Wednesday, May 30, 2018|2 a.m.

During the first round of the playoffs versus the Kings, the Beach Boys struck “Surfin’ U.S.A” played over the mammoth stereo at T-Mobile Arena. The audience did the wave in time to the music and Golden Knights goaltender Marc-Andre Fleury took part with the crowd, making for a remarkable moment.

Golden Knights Music Director Jake Wagner has many memories from the team’s debut season, however the Fleury-wave is among his favorites. That and the Oct. 10 house opener. “I still get chills considering it,” Wagner states.

” It’s been truly special, like soundtracking a movie in real time,” Wagner states about picking the music for the Knights’ astronomical increase. He likewise plays organ/keyboard, books several DJs throughout the arena and aids with production material when needed. “( It’s) among the best stories in the history of sports.”

So how does he choose music for video games? It’s an art that happens in genuine time.

Jake Wagner’s favorite tunes to play at Golden Knights’ video games

Arcade Fire, “Signs of Life”

Avicii, “The Nights”

ASAP Rocky & & Skrillex, “Wild For The Nights”

Greta Van Fleet, “Highway Tune”

Tiesto + The Chainsmokers, “Split (Only U)”

The Black Keys, “Gold On The Ceiling”

Papa Roach, “Born For Achievement”

Gizzle, “Get Loud For Me”

Alice Merton, “No Roots”

Steve Aoki, “Delirious (Boneless)”

Envision Dragons, “Whatever It Takes”

John Wick Mode, “Le Castle Vania” (group entryway track)

DJ Shadow ft. Run The Jewels, “No one Speak (important)” (team walk-off track)

WWE Introduction Styles (Bobby Roode, Shinsuke Nakamura, AJ Styles and more)

Penguin Jail, “All Night Long” (Lionel Richie cover)

Welshly Arms, “Famous”

Thirty Seconds to Mars, “Hail To The Victor”

Jax Jones, “Yeah Yeah Yeah”

Wolfmother, “Victorious/The Joker and The Burglar”

J Balvin, “Mi Gente (remix)”

Ball game, “Unstoppable”

Junior Senior Citizen, “Move Your Feet”

Major Lazer, “Light It Up (remix)”

Poolside, “Do You Believe” (intermission track)

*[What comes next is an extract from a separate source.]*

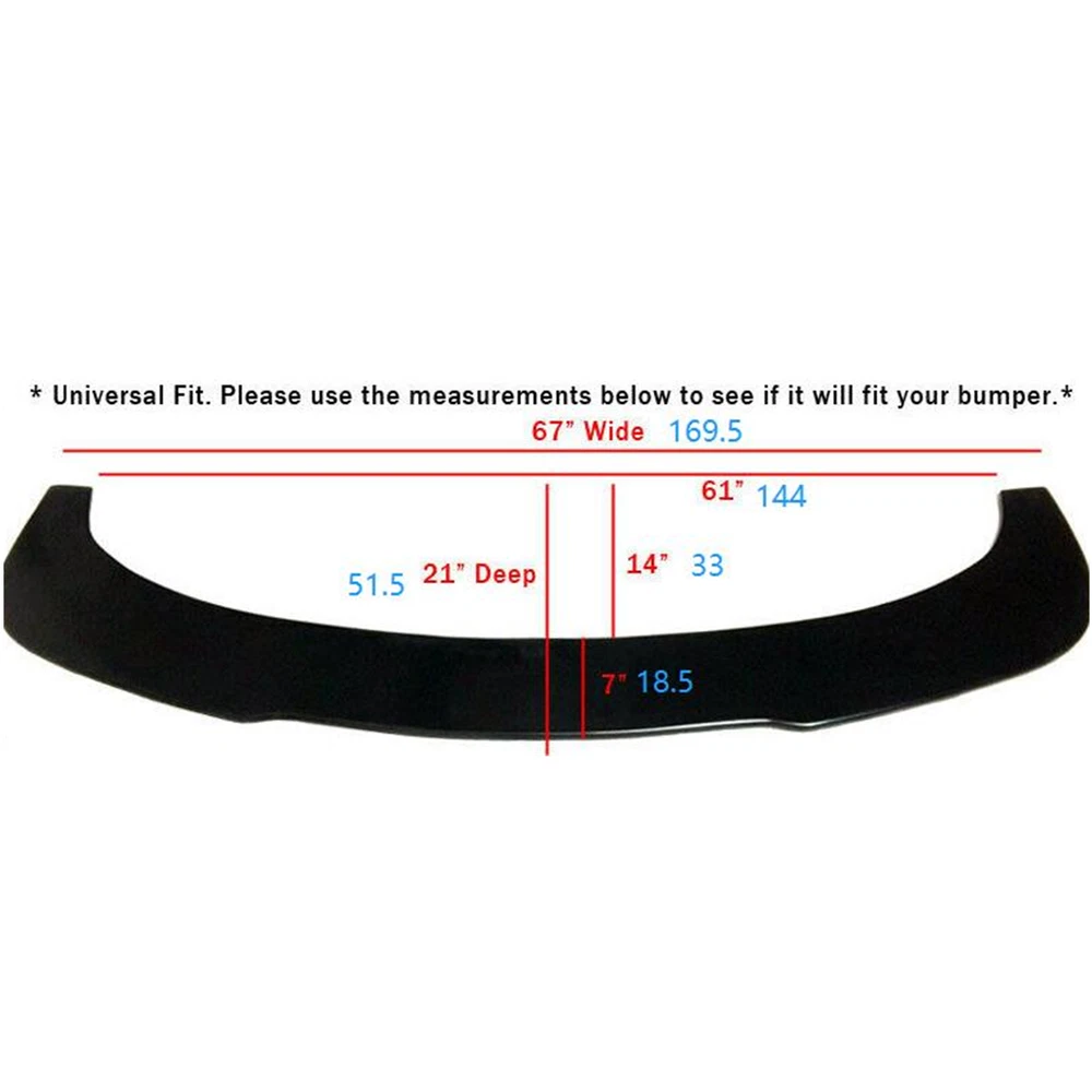 Store Categories Store Categories Business & Industrial ATV, Side-by-Side & UTV Parts Windshields Grab Bars & Guards Other Car & Truck Parts & Accessorie Interior Exterior Lighting & Lamps Bumpers & Reinforcements Grilles Seats & Seats Cover Racks Body Moldings & Trims Exhaust System Suspension & Steering Radiators Fenders & Mud Flaps Dash Parts Body Kits Snow Plows & Parts Mirrors Other Golf Cart Parts & Accessories Home & Garden Lawn Mower Parts Other Sporting Goods Electric Bicycles Other Motorcycle Accessories Backrests & Sissy Bars Fairings & Body Work Foot Pegs & Pedal Pads Intake Ducts & Scoops Other Luggage Seat Parts Saddlebags & Accessories other Other Detail Universal 67’’ x 21’’ Bumper Lip Spoiler Chin Flat Splitter Plate Under Diffuser Specifiction Condition:100% New Material:Plastic Color:Black Surface Finish:Painted Item Length: 67" Item Width: 21" Warranty:1 Year Fitment Type:Direct Replacement Placement on Vehicle:Front Installation Instructions:Not included Easy installation with basic hand-tools, drilling may required. Self-tapping screws only if applicable. Some lips re-uses the factory hardware or only double-sided tape.Professional Installation Is Highly Recommended Fitment Universal (Please Measure your bumper BEFORE purchase - 67"L) Package 1x Front Bumper Lip Flat Splitter Plate Industrial Double-sided Tape is NOT Included, but is REQUIRED for installation. No hardware included. Shipping All items will be shipped out in 1 business day,no expedited service available. (USA only,Does NOT include Hawaii,Alaska or Puerto Rico, PO Boxes/APO's) Contact us Any Questions,Just feel free to contact us on eBay.We will reply you in 1 business day. Payment Method Shipping Policy Returns Policy Contact Us Payment Method Payment is expected within 4 days. Product availability will not be guarantee after 4 days. Payment received on weekends or holiday will be process on the next working day. Item will be ship to the address provided in eBay/PayPal. For faster service, please update your correct address before sending payment. We accept instant PayPal Payment or Credit/Debit Card payment thru PayPal. All items paid by eCheck will be process as soon as payment clears. Feel free to contact us for more information. Shipping Policy (USA only,Does NOT include Hawaii,Alaska or Puerto Rico, PO Boxes/APO's) Returns Policy For return, all we ask is you send it back in the same condition it was received - new and unused. In order to process a return or exchange instantly for you, please send us a message with pictures firstly when you contact us,we will be happy to assist you immediately. Your satisfaction is our priority. Contact Us Any Questions,Just feel free to contact us on eBay.We will reply you in 1 business day. On Apr 18, 2024 at 04:06:42 PDT, seller added the following information:

Classic anthems by artists such as DJ Casper, DJ Kool, Queen, House of Pain, Led Zeppelin, The Bee Gees, The Ramones, Michael Jackson, The Isley Brothers, Kanye West, Black Sabbath, The Clash, ACDC, The Village Individuals and Lil Jon.

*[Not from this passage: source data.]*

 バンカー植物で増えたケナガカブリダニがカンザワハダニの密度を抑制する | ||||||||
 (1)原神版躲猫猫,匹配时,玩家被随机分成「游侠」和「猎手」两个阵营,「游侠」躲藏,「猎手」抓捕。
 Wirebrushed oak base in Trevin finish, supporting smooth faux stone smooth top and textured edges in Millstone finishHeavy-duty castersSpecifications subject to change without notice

” I attempt my finest to match the in-game scenarios and love informing a lyrical story when possible,” Wagner states. “You definitely desire tunes that have a lot of energy and make you move. The main objective is to leave everyone with a favorable experience, regardless the outcome of the game.”

Some tunes are already tradition. When the Knights score an objective, expect to hear Panic! at the Disco’s “Vegas Lights.” When the Knights win, naturally it’s Elvis’ classic ode to Sin City: “Viva Las Vegas.” And when Fleury makes a fantastic save, “The Guy” by Las Vegas’ own The Killers helps fans commemorate.

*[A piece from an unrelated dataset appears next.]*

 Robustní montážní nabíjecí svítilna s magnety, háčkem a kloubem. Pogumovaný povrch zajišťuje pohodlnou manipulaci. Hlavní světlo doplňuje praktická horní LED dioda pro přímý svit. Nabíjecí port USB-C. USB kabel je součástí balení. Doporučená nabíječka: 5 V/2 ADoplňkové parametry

On video game days, Wagner takes demands via Twitter (@jakewagnermusic), attempting to work a couple of fan selects into each game.

” It’s actually cool to see exactly what everyone wants to hear,” Wagner says. The “timeless stadium stompers” are most requested, however other favorites consist of Black Sabbath’s “Neon Knights,” Kiss’ “Crazy Nights” and Scorpions’ “Big City Nights.”

The Golden Knights are known for their deep connection to the regional neighborhood, and the video game music is no exception. A variety of local artists have actually been played: Trade Voorhees, The Dirty Hooks, Mercy Music, Chop 808, Sober Junkie, Silversage and more. Throughout pregame warmups, local DJ Joe Green spins.

For Wagner, the very best part of this dream gig is seeing the delight on the faces of young fans.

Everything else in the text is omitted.